Poems | ||
149
ODE TO SIMPLICITY.
Written at the Leasowes, in 1788.
Haste, modest nymph, forego thy moss-crown'd cell,Clad in thy milk-white vest
Of artless texture, by the Graces drest:
Come seek th' adust retreat of these lone groves,
Where Shenstone breath'd, ere Fate had rung his knell;
And join the requiem of confederate Loves.
Can you forget how oft, in wooing you,
He artless led the Passions in a throng?
No suppliant ever felt a flame more true,
And Wit and Beauty mingled in his song:
Tho' Nepthe blaz'd, her brows with mirtle twin'd;
Not all her loveliness could shake his constant mind.

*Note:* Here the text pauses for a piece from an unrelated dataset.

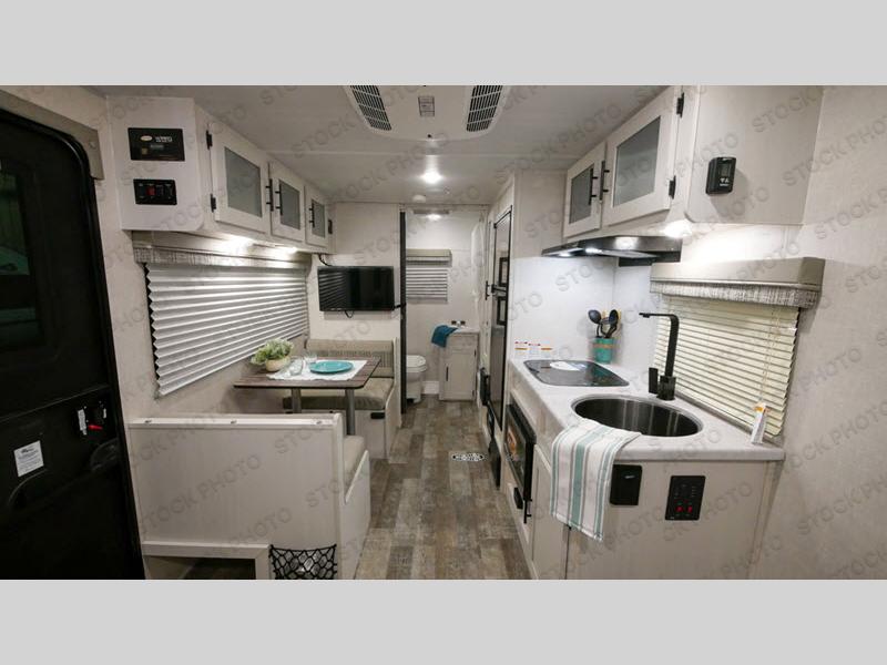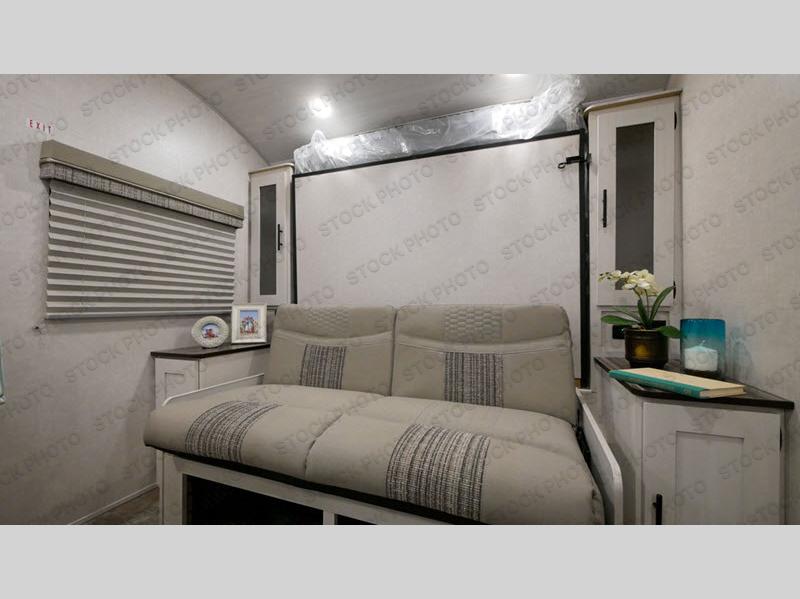 You're going to love all of the conveniences and versatility of this R-Pod travel trailer! The front Murphy bed can fold away to reveal a sofa which gives you a comfortable place to sit during the day and to sleep at night too. The rear full bath features everything you will need to get squeaky clean each morning, as well as a large wardrobe for you to store your linens. After you have whipped up your best meal with the two-burner cooktop or convection microwave, you can head to the 30" x 75" booth dinette and enjoy eating it there comfortably. There is plenty of storage space inside, but if you need more space, then you can use the exterior pass-through storage!

In the meridian of his quiet day,
When gentle Reason had matur'd his youth;
The relatives of Phœbus bless'd that lay
He ardent gave, and gave it with his truth:
Pure were his morals as the Patriarch's thought,
And Heaven approv'd the dogma Fancy taught.
Ah, me! that breast which glow'd with patriot fire,
Beneath this grass-green mantle lies entomb'd!
Cold is that nerve which harmoniz'd the lyre,
And all his bright'ning faculties consum'd:
Come then, such fallen excellence deplore;
His harp's unstrung, his minstrelsy is o'er.